The answer looks good to a general purpose. However I am trying to find if the same approach could be used if the user can edit the rating. I tried to know what the user of accepted answer thinks but he did not reply. So I am creating a new question.
Every time you get a new rating, update the cumulative average and rating count:
new_count = old_count + 1
new_average = ((old_average * old_count) + new_rating) / new_count
If the user can edit the rating:
new_count = old_count // With a rating edit, the count will be the same
new_average = ?
The proper way to do this is to keep a running sum S
and count C
. When a new rating R
is added, the update rule is the following.
(S, C) <- (S + R, C + 1) | When a new rating R is added.
(S, C) <- (S - R, C - 1) | When a rating R is removed.

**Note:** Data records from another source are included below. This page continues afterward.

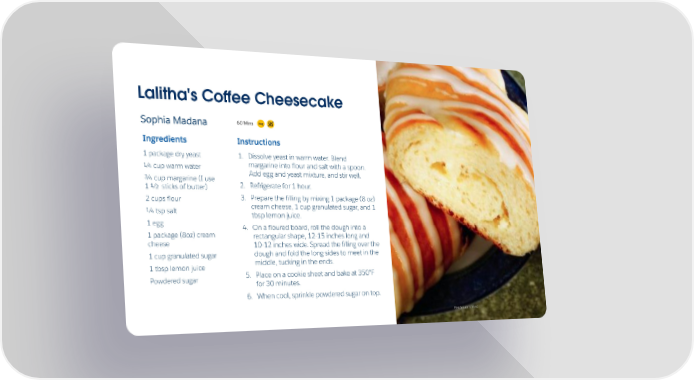 Lalitha's Coûee Cheesecake Veg 60 Mins Sophia Madana Ingredients Instructions 1 package dry yeast 1. Dissolve yeast in warm water. Blend margarine into üour and salt with a spoon. ¼ cup warm water Add egg and yeast mixture, and stir well. ¾ cup margarine (I use 2. Refrigerate for 1 hour. 1 ½ sticks of butter) 3. Prepare the ûlling by mixing 1 package (8 oz) 2 cups üour cream cheese, 1 cup granulated sugar, and 1 ¼ tsp salt tbsp lemon juice. 1 egg 4. On a üoured board, roll the dough into a 1 package (8oz) cream rectangular shape, 12-15 inches long and cheese 10-12 inches wide. Spread the ûlling over the dough and fold the long sides to meet in the 1 cup granulated sugar middle, tucking in the ends. 1 tbsp lemon juice 5. Place on a cookie sheet and bake at 350°F Powdered sugar for 30 minutes. 6. When cool, sprinkle powdered sugar on top. Fleichmann's Yeast
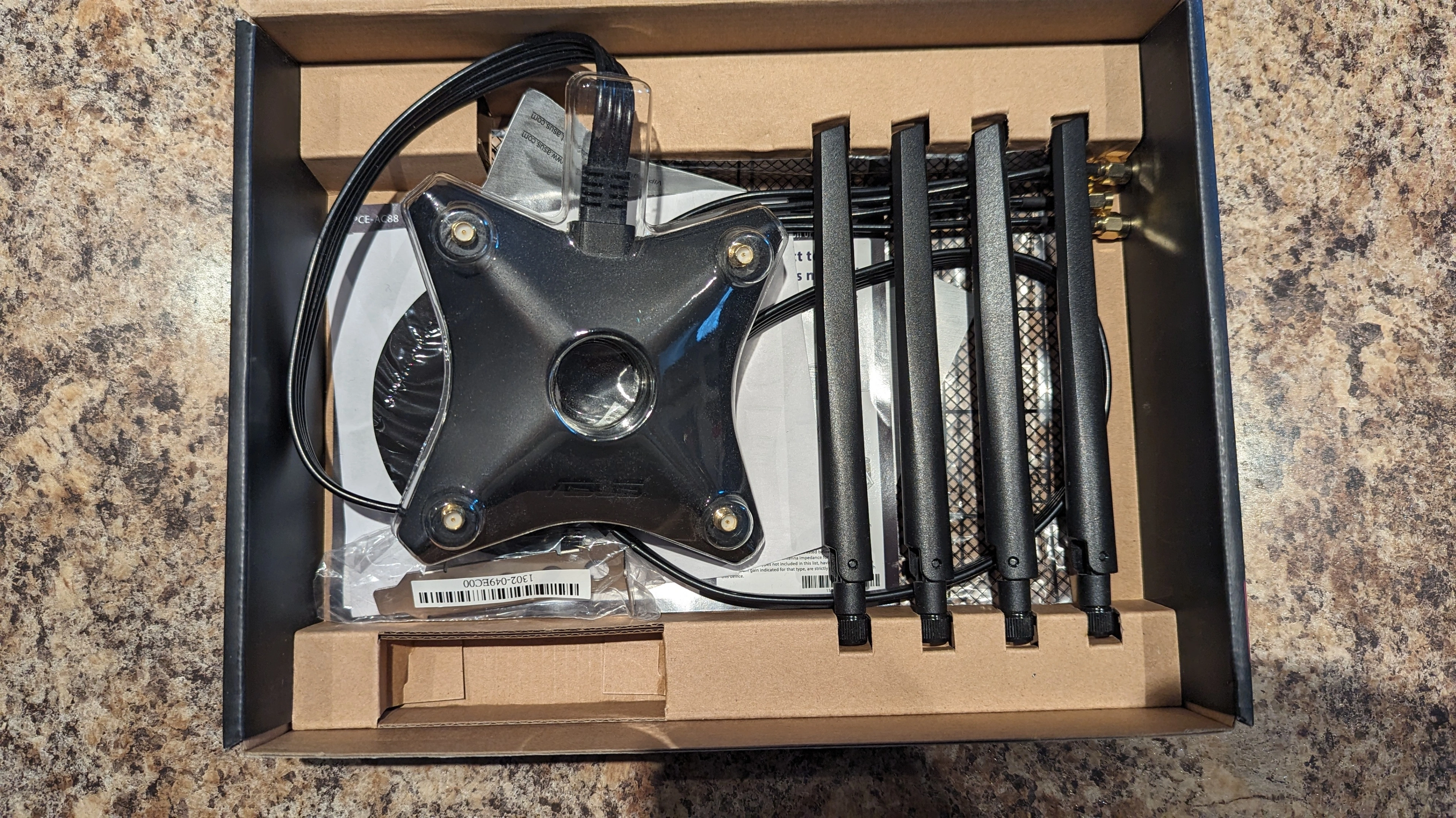ASUS PCE-AC88 Dual-Band AC3100 Wi-Fi PCIe adapter. Never used, open box. Supports 802.11ac with up to 2167 Mbps on 5GHz and 1000 Mbps on 2.4GHz. Includes magnetic antenna base and antenna cables. Great for desktop gaming or streaming.
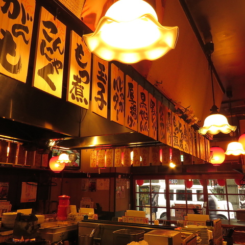 炭火焼き鳥、焼きとん、関東風おでん、もつ煮。昼からサクッと一杯どうぞ。女性のお一人様でも気軽に立ち寄れるフランクな雰囲気です。テーブル席もあります。
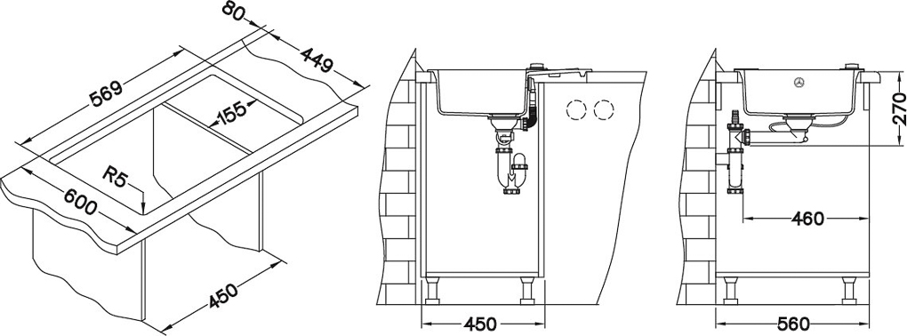 ALVEUS köögivalamu ROCK 30, 595x475mm, I, graniit, arctic-G11

To get the average at any time, simply evaluate S / C
. When a rating that is part of S
is modified, update as follows, where R0
is the old rating and R1
is the new rating.
(S, C) <- (S - R0 + R1, C) | When rating R0 is changed to R1.
There is no reason to store your data as average A
and count C
. It just makes the updates more complicated.
(A, C) <- ((CA + R) / (C + 1), C + 1) | When a new rating R is added.
(A, C) <- (A + (R1 - R0) / C, C) | When rating R0 is changed to R1.